> **YOUR TASK**
Copy the data that appears below exactly. Drop the pictures.

> **COLLECTED MATERIAL**
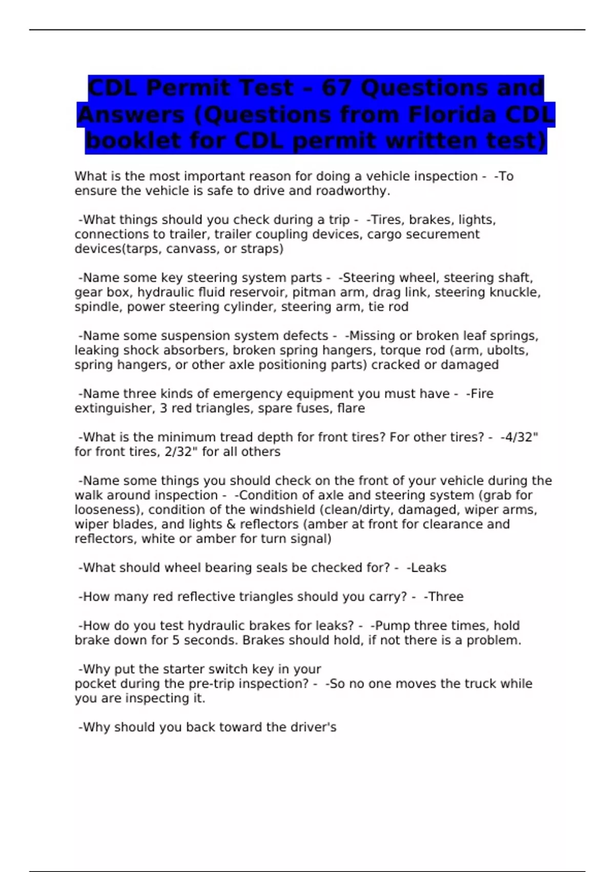 CDL Permit Test – 67 Questions and Answers (Questions from Florida CDL booklet for CDL permit written test)
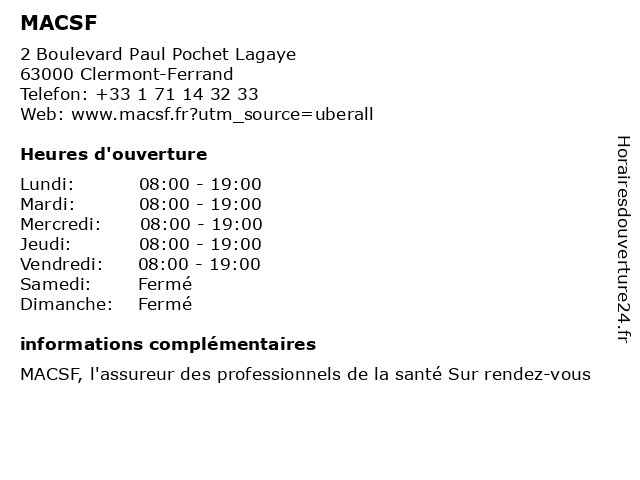 1 MACSF (Distance: 0,00 km)2 Boulevard Paul Pochet Lagaye, 63000 Clermont-Ferrand macsf
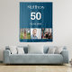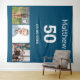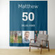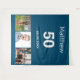 Pour une fête d'anniversaire de 50 ans (ou tout âge). Un collage de 3 de vos photos de lui, d'amis, de famille, d'intérêts ou d'animaux. Personnalisez et ajoutez son nom, son âge 50 ans et une date. Fond bleu. Date de naissance ou date de la fête d'anniversaire. Texte de couleur blanche.

> **ANSWER BOX**
 CDL Permit Test – 67 Questions and Answers (Questions from Florida CDL booklet for CDL permit written test)
 1 MACSF (Distance: 0,00 km)2 Boulevard Paul Pochet Lagaye, 63000 Clermont-Ferrand macsf
 Pour une fête d'anniversaire de 50 ans (ou tout âge). Un collage de 3 de vos photos de lui, d'amis, de famille, d'intérêts ou d'animaux. Personnalisez et ajoutez son nom, son âge 50 ans et une date. Fond bleu. Date de naissance ou date de la fête d'anniversaire. Texte de couleur blanche.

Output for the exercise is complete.